Russ Mould, investment director at AJ Bell, comments:

"The monster profit warning and a decision to cancel all dividend payments from Carillion will delight hedge funds, as the support services firm is the single most shorted stock on the UK market and the shares are down by a third in early trading.

"The plunge follows Carillion’s announcement of a revenue shortfall, lower-than-expected gains from the sale of Private Public Partnership (PPP) contracts and £845 million in provisions to cover problematic contracts in the UK and a withdrawal from the Middle East and Canada.

"The spectacular collapse offers three particularly useful lessons to investors.

  1. If a dividend yield looks too good to be true, it usually is. Before today’s alert, Carillion had been expected to pay an unchanged full-year dividend of 18.45p. Based on Friday’s closing price of 192p, that equated to a 9.5% dividend yield – a ridiculous figure in the context of the Bank of England’s 0.25%, a ten-year UK Government bond yield of 1.3% or even the 3.8% yield available from the wider UK stock market.

  2. Debt is a killer, so look at the balance sheet first, the cash flow statement second and the profit and loss account last. Carillion ended its last financial year with a net debt pile of £219 million (and that figure averaged £587 million over the year) and a pension deficit of £663 million. As a result interest payments and pension contributions came to £107 million against an operating profit of £147 million and an annual dividend payment worth £80 million, leaving little margin for operational error. Sure enough, at the first sign of trouble, the company is scrambling for cash and has abandoned its dividend altogether.

  3. The stock market is not always right but its views always have to be respected. Carillion’s persistent share price weakness during the year, recorded even as the wider FTSE indices rose, was a potential red flag in itself.
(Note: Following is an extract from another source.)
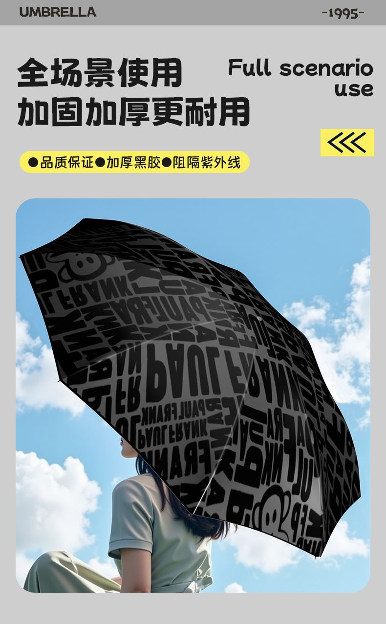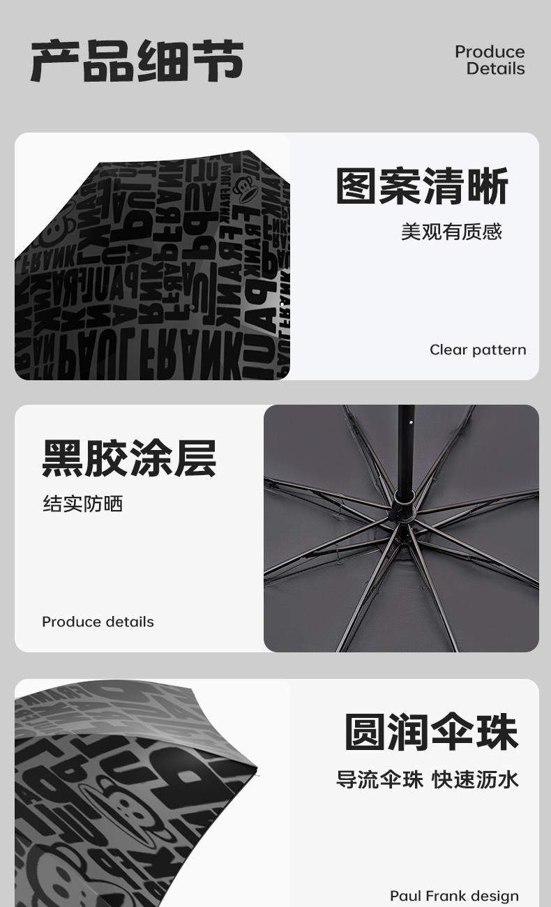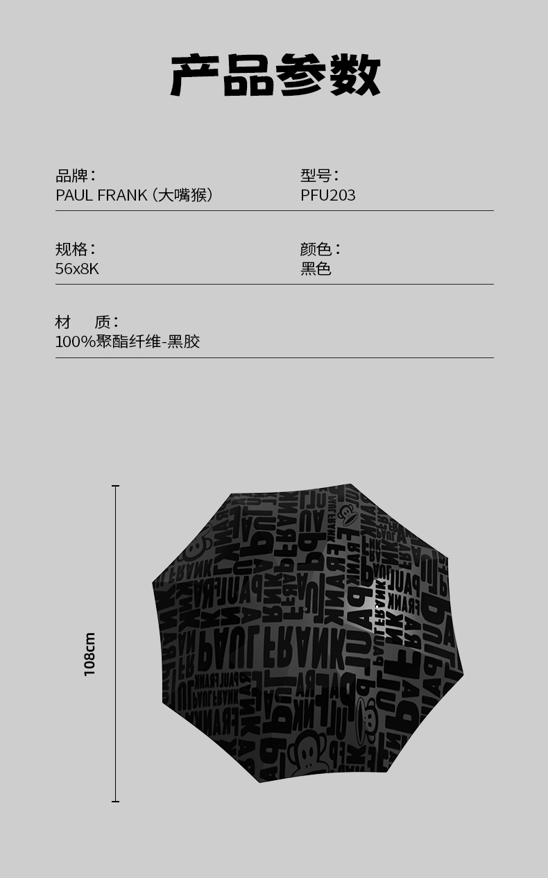 产品型号:PFU203 产品容量:56cm*8K 颜 色:黑色 产品材质:铁/半遮光黑胶 产品配置: 伞*1

At 192p the shares were trading on a higher dividend yield (9.5%) than they were a price/earnings ratio (5.7), which was the market’s polite way of saying it didn’t believe the analysts’ forecasts for a second.

"The sceptics have now been proven correct to the particular delight of the hedge funds that had shorted the stock, including Marshall Wace, Thunderbird Partners and Immersion Capital, as they will be reaping substantial gains from their bearish views.

How “shorting” works

"Hedge funds short a stock by borrowing shares they do not own from another fund manager, in return for a fee (they also cover any dividends that the actual shareholder loses during the loan period).

"The hedge fund then sells the shares in the view that they will go down. If their research proves correct and the shares fall, then the hedge fund buys the shares back at a price lower than where they sold them, to lock in a profit and then return them to the original owner.

"It is this process of closing out (and buying the shares back) which helped to explain why Carillion opened up down by nearly 40% and then began to rally to being down by “only” a third.

"Shorting is a risky strategy especially as stock markets tend to rise over time and there is no upside limit to a share price, so the losses can be huge if a shorted stock starts to go higher (especially as this often creates a “short squeeze”, whereby hedge funds hit their stop loss on a position and have to buy the stock back, pushing the shares higher still and inflicting more pain on fellow short sellers).

Where to find data on shorted stocks

"Anyone going short of a stock must declare their position if they are borrowing more than 0.5% of the shares in a company, or there are any changes in their short position above this threshold.

"There is no disclosure required if the short position is smaller than this."

The Financial Conduct Authority compiles a daily log of this data, which is then analysed by the helpful website www.shorttracker.co.uk.